Exercise description ▸ After locating the line that holds "Главным итогом реформы", copy that line and all that follow it word for word through the end of the data, with no pictures.

Data segment ▸
******
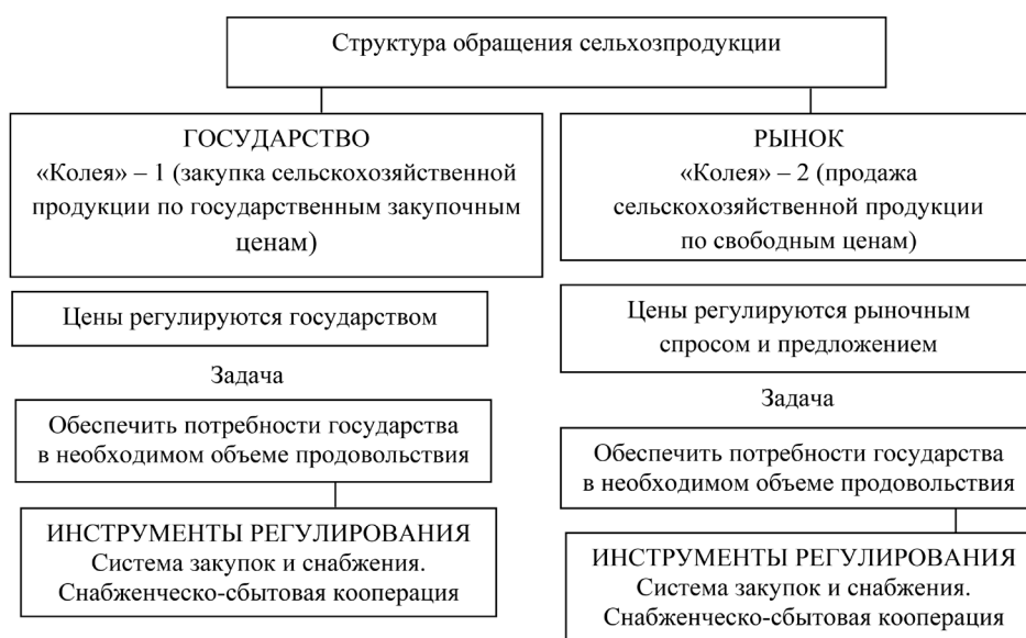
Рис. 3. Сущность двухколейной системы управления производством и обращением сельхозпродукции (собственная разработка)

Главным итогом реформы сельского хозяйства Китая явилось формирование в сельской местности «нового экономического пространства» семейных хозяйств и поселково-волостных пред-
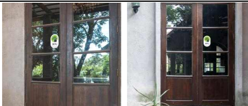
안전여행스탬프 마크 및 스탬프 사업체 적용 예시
******
Result of this exercise ▸
Главным итогом реформы сельского хозяйства Китая явилось формирование в сельской местности «нового экономического пространства» семейных хозяйств и поселково-волостных пред-
안전여행스탬프 마크 및 스탬프 사업체 적용 예시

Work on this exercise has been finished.